Records to process
◇ ◇ ◇ ◇ ◇ ◇ ◇

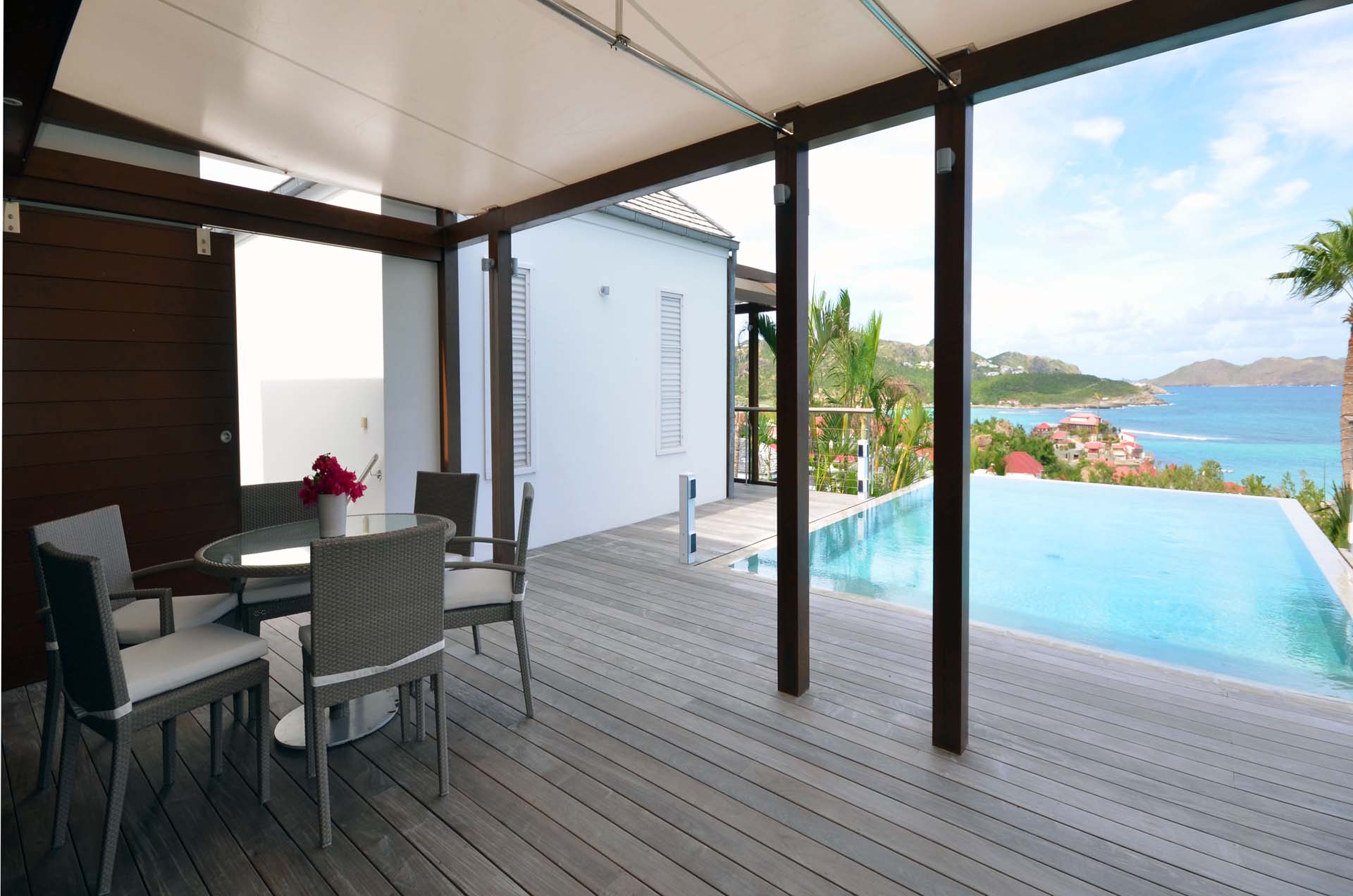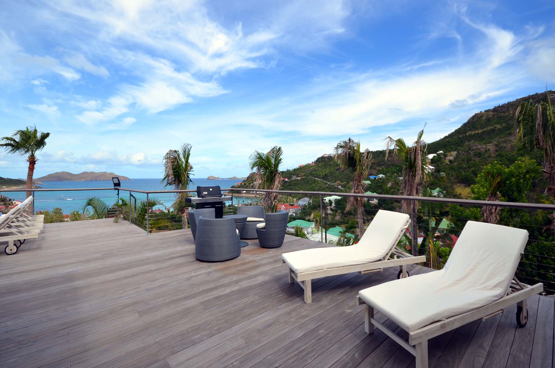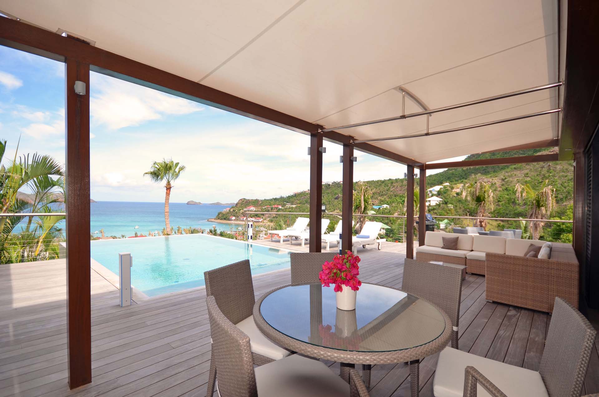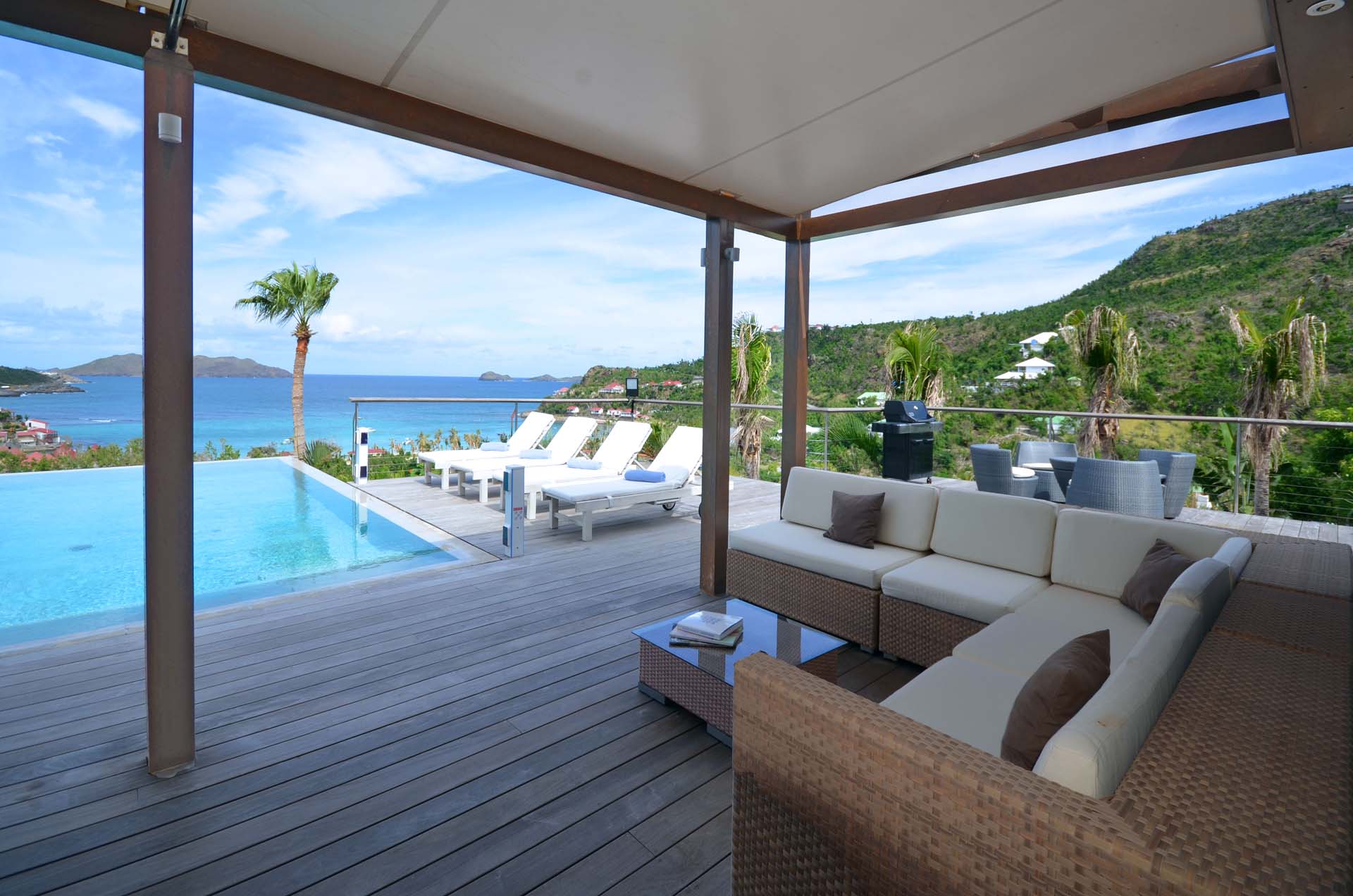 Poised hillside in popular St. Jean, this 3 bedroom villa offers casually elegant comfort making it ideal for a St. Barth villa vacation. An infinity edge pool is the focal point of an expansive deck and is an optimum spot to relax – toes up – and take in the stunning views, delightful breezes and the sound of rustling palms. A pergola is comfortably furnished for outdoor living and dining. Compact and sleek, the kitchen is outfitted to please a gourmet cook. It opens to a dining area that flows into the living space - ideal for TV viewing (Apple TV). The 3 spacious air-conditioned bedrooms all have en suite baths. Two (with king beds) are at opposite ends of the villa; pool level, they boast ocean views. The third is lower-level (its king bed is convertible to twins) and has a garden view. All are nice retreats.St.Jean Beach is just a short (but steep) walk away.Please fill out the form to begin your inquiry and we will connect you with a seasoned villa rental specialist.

◇ ◇ ◇ ◇ ◇ ◇ ◇

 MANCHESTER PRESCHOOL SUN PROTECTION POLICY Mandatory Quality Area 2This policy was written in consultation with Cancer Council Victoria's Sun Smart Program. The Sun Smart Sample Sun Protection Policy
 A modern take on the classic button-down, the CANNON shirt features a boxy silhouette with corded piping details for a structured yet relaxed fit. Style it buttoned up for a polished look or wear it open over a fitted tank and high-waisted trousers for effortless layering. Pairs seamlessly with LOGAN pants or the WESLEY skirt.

◇ ◇ ◇ ◇ ◇ ◇ ◇

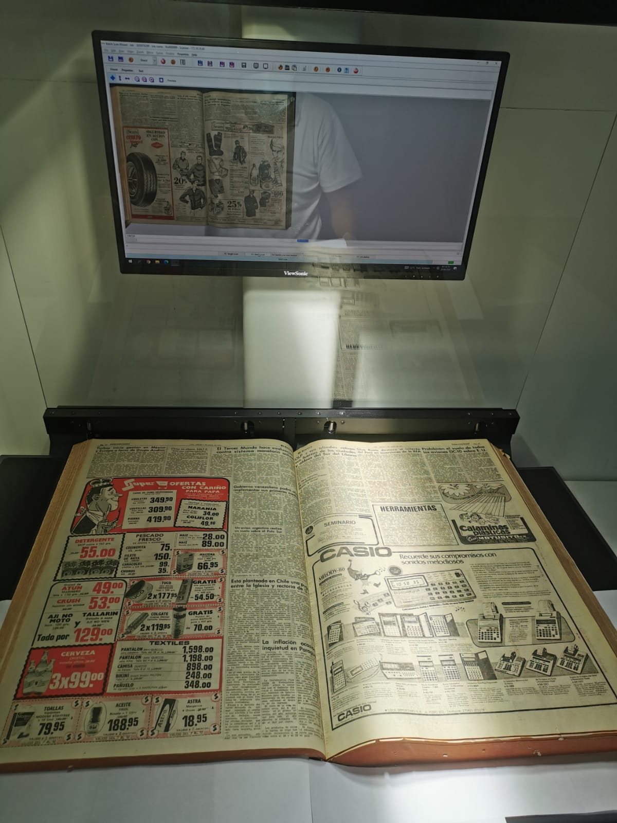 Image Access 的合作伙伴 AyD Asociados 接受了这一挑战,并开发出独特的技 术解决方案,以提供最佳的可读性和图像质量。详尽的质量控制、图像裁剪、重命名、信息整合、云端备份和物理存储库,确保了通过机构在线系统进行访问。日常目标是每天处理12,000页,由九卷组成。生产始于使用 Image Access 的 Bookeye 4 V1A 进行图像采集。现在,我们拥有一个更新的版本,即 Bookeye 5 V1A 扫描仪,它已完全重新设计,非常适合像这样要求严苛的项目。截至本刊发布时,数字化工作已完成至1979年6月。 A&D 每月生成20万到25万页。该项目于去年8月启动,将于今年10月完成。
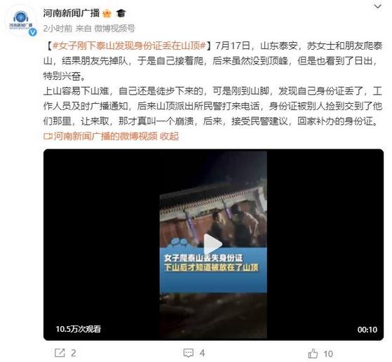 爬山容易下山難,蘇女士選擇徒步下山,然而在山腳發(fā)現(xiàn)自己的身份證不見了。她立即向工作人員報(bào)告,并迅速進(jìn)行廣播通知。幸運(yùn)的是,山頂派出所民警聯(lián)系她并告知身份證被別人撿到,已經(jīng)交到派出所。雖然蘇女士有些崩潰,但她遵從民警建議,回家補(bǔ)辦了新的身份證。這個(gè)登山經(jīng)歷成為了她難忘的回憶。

◇ ◇ ◇ ◇ ◇ ◇ ◇

Exercise instructions
Set down, exactly as they appear above, all lines from the one that has "MANCHESTER PRESCHOOL SUN" down to the one that has "A modern take", including those two and no others.

Response below
 MANCHESTER PRESCHOOL SUN PROTECTION POLICY Mandatory Quality Area 2This policy was written in consultation with Cancer Council Victoria's Sun Smart Program. The Sun Smart Sample Sun Protection Policy
 A modern take on the classic button-down, the CANNON shirt features a boxy silhouette with corded piping details for a structured yet relaxed fit. Style it buttoned up for a polished look or wear it open over a fitted tank and high-waisted trousers for effortless layering. Pairs seamlessly with LOGAN pants or the WESLEY skirt.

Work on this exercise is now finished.